▸ **WORK INSTRUCTIONS**
Omit all pictures. Print the remaining lines exactly, from the start of the data through the line containing "Sultan Süleiman, der".

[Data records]
========================================================================

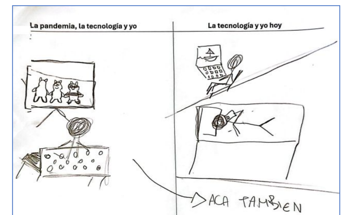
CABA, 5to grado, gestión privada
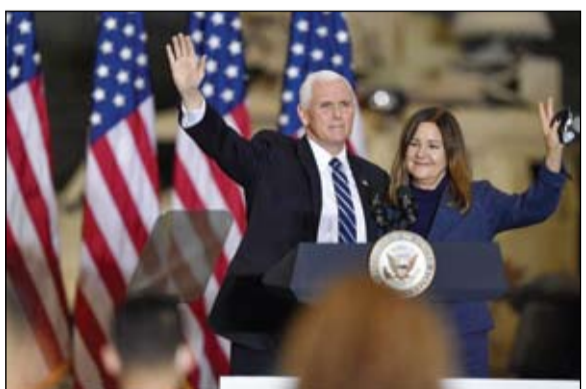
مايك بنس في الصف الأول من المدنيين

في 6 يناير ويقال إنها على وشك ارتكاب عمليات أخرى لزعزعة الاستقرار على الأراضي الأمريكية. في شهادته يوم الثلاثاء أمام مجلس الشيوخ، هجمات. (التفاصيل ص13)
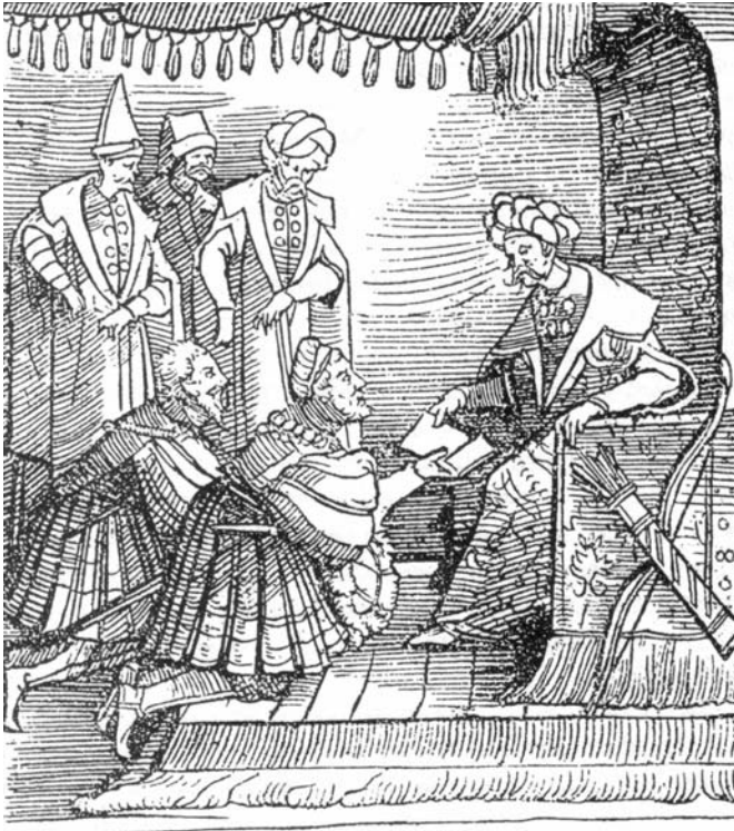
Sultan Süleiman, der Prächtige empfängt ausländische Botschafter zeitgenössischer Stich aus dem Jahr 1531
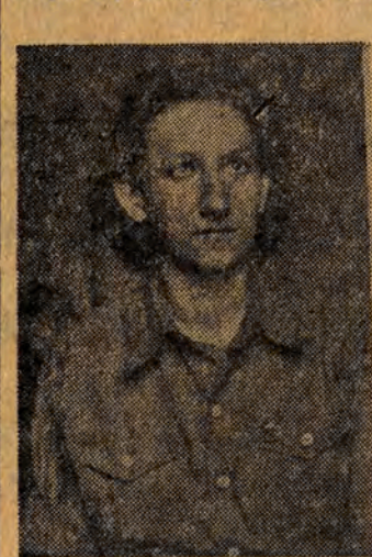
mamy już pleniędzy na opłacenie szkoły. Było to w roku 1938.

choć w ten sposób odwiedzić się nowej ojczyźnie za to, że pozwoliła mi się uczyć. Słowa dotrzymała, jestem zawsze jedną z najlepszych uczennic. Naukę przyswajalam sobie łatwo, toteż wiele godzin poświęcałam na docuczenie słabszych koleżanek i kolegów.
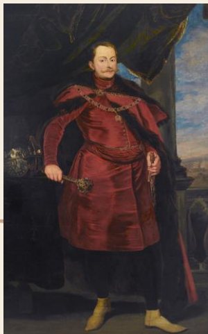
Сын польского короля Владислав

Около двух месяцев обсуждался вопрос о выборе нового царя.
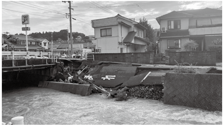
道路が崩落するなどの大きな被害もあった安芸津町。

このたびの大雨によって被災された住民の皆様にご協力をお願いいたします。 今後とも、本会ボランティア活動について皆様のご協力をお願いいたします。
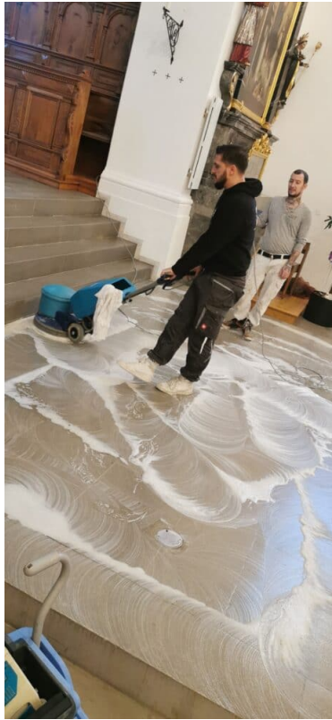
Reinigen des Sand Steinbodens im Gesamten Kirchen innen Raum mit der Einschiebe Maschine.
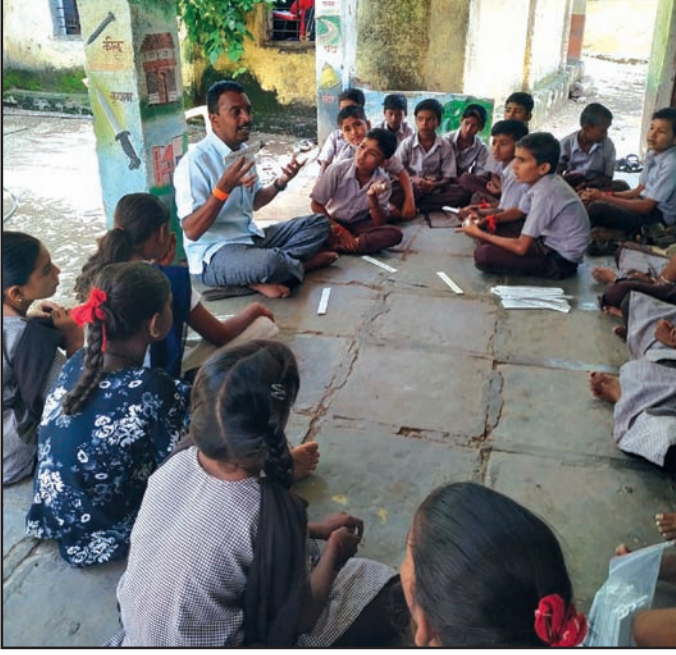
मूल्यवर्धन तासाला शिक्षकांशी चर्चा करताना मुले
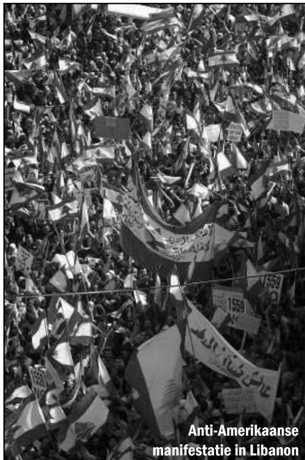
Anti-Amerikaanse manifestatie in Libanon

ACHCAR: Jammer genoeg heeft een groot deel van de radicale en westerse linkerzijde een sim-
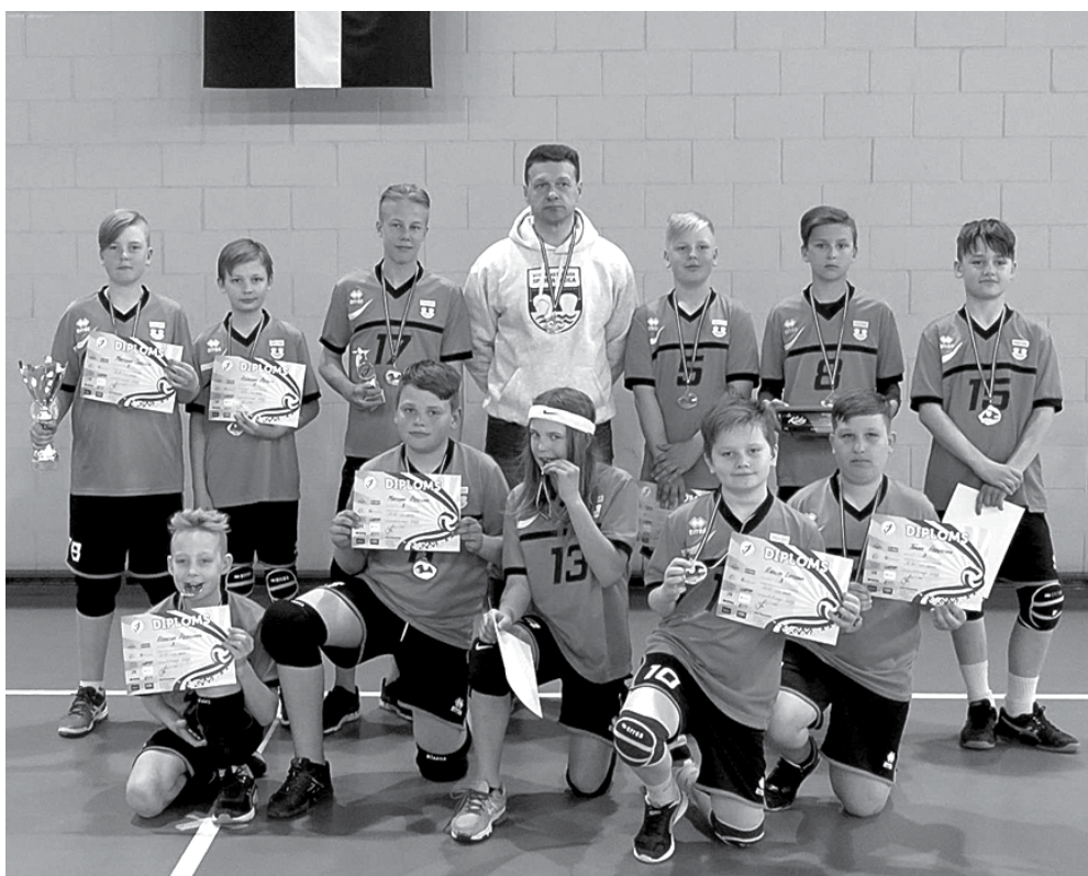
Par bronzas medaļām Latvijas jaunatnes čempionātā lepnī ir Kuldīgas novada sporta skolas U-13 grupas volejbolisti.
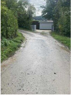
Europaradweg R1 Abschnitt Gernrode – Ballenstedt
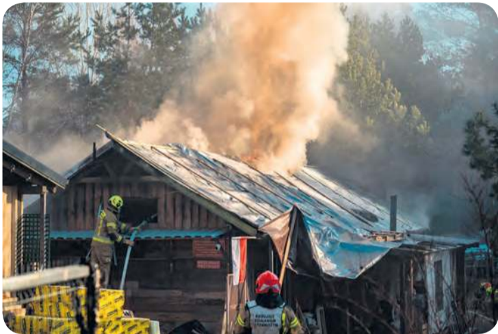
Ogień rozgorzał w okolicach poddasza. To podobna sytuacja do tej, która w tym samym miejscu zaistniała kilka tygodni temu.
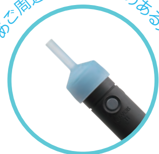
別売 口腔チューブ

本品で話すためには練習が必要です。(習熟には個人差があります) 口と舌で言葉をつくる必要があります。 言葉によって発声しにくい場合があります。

========================================================================

▸ **COMPLETED EXERCISE**
CABA, 5to grado, gestión privada
مايك بنس في الصف الأول من المدنيين

في 6 يناير ويقال إنها على وشك ارتكاب عمليات أخرى لزعزعة الاستقرار على الأراضي الأمريكية. في شهادته يوم الثلاثاء أمام مجلس الشيوخ، هجمات. (التفاصيل ص13)
Sultan Süleiman, der Prächtige empfängt ausländische Botschafter zeitgenössischer Stich aus dem Jahr 1531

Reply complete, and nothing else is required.